REQUIRED WORK: Set down, word for word, every line of the material below from the one containing "NBA直播12月09日讯 尼" through the one containing "Капустный сок и", but none of its pictures.

DATA PROVIDED:
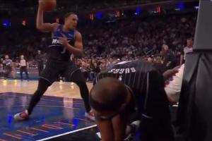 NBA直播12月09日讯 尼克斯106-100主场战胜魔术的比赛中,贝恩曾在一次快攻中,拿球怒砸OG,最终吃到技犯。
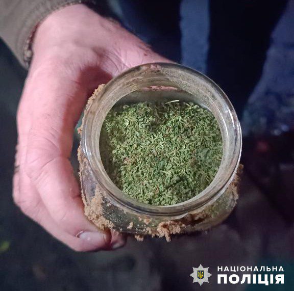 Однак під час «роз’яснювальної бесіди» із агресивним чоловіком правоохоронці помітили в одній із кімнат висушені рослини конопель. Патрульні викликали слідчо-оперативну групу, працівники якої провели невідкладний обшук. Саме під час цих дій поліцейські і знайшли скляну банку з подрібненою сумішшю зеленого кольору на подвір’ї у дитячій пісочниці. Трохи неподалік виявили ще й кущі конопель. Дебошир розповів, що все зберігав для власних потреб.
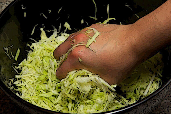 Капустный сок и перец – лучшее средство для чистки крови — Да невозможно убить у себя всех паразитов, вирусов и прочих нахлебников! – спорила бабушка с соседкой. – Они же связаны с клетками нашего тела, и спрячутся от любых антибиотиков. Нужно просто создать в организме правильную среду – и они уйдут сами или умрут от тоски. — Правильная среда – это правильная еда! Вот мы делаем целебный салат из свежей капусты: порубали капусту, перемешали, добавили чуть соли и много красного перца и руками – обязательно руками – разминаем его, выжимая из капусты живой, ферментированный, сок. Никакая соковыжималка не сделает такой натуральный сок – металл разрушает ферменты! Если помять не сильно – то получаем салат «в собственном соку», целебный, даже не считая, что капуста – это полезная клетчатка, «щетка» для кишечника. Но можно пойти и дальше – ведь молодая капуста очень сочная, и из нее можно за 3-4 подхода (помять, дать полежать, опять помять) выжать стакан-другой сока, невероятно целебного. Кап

--

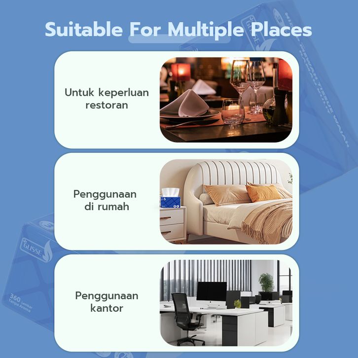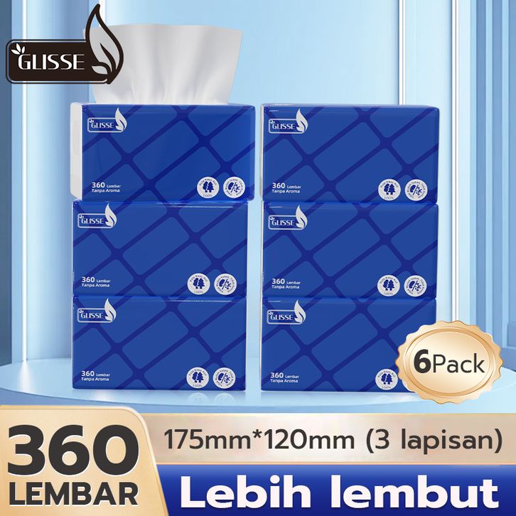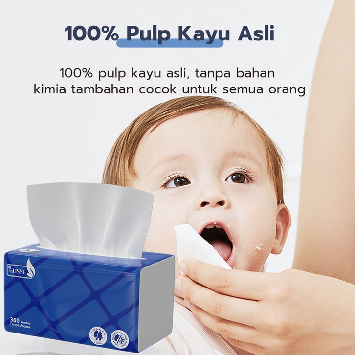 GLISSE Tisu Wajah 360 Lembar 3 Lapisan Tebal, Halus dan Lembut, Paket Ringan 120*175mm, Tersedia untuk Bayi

ANSWER SPACE:
 NBA直播12月09日讯 尼克斯106-100主场战胜魔术的比赛中,贝恩曾在一次快攻中,拿球怒砸OG,最终吃到技犯。
 Однак під час «роз’яснювальної бесіди» із агресивним чоловіком правоохоронці помітили в одній із кімнат висушені рослини конопель. Патрульні викликали слідчо-оперативну групу, працівники якої провели невідкладний обшук. Саме під час цих дій поліцейські і знайшли скляну банку з подрібненою сумішшю зеленого кольору на подвір’ї у дитячій пісочниці. Трохи неподалік виявили ще й кущі конопель. Дебошир розповів, що все зберігав для власних потреб.
 Капустный сок и перец – лучшее средство для чистки крови — Да невозможно убить у себя всех паразитов, вирусов и прочих нахлебников! – спорила бабушка с соседкой. – Они же связаны с клетками нашего тела, и спрячутся от любых антибиотиков. Нужно просто создать в организме правильную среду – и они уйдут сами или умрут от тоски. — Правильная среда – это правильная еда! Вот мы делаем целебный салат из свежей капусты: порубали капусту, перемешали, добавили чуть соли и много красного перца и руками – обязательно руками – разминаем его, выжимая из капусты живой, ферментированный, сок. Никакая соковыжималка не сделает такой натуральный сок – металл разрушает ферменты! Если помять не сильно – то получаем салат «в собственном соку», целебный, даже не считая, что капуста – это полезная клетчатка, «щетка» для кишечника. Но можно пойти и дальше – ведь молодая капуста очень сочная, и из нее можно за 3-4 подхода (помять, дать полежать, опять помять) выжать стакан-другой сока, невероятно целебного. Кап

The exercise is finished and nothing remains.